I’m building some statistical code and I would like to use Scala literal. It makes the code very readable since the variable name will make the code very similar to the theory.

I can do

valP(X|C)= ....

but it seems that I can’t for

for {
   `P(X|C)` <- ...
}

Is it possible to use backticks on the for comprehensions?

Who can I do it?

Best Regards

Hmm – looks to me like it works. See fiddle here. What errors are you getting when you try to do this? More details might be helpful.
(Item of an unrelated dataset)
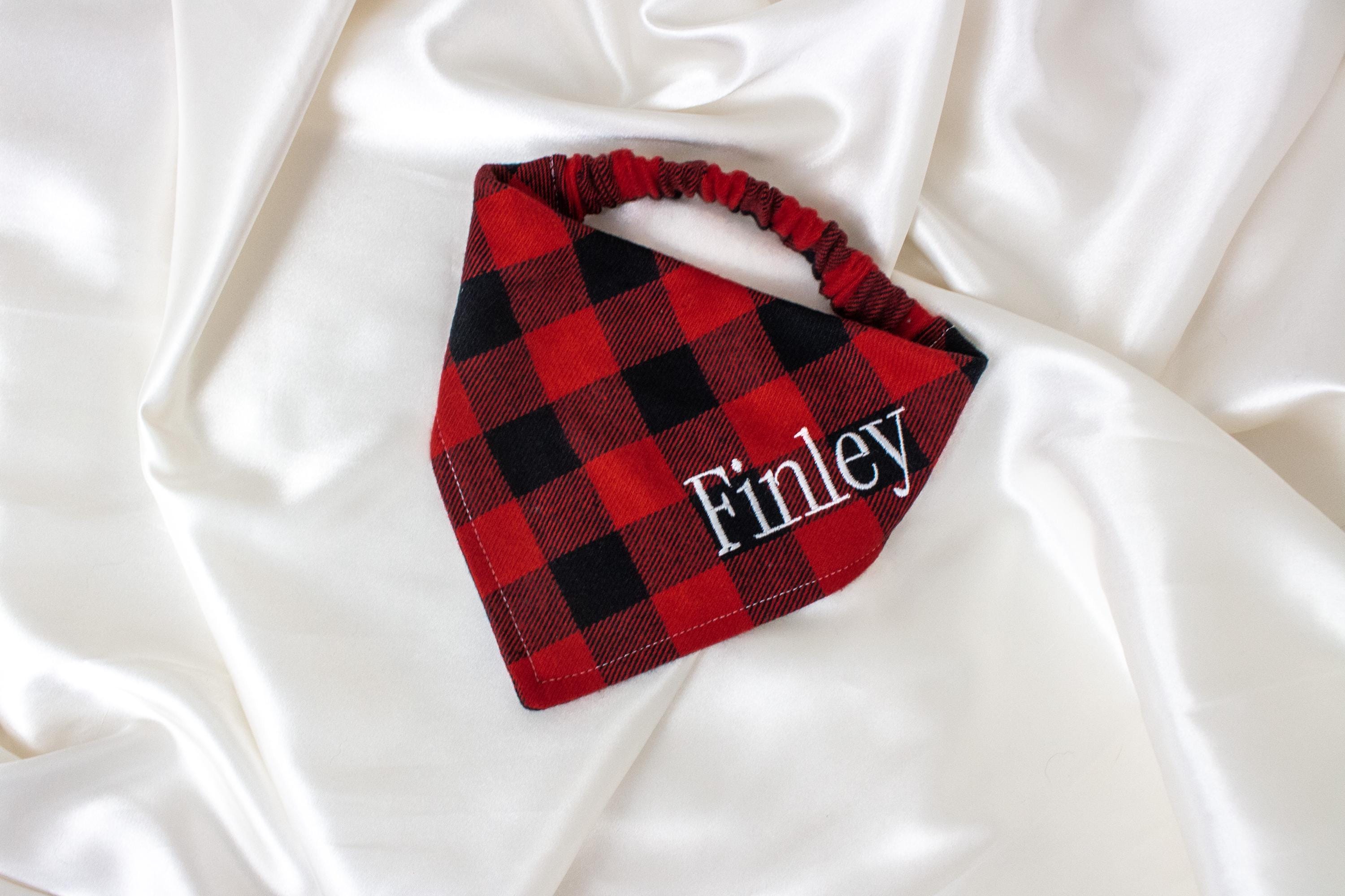 Personalized Flannel Dog Bandana, Embroidered Buffalo Plaid Dog Scarf, Dog Mom Gift, Pet Handkerchief for Autumn, Custom Fall Dog Bandana

I get errors in such code:

for {
  z <- Option(6)
  `A(X|Y)` = 8 // error: not found: value A(X|Y)
} yield z

The solution is to desugar such for-comprehension to flatMaps, maps, filters, foreaches, etc

Interesting. It seems to be very fragile – here’s an updated fiddle that agrees with your failure observation but succeeds in other places. It suggests a bug in for desugaring; I suspect it’s losing the backticks when it desugars to a val assignment, but not when desugaring to a flatMap or map. I’ve opened a bug report to that effect…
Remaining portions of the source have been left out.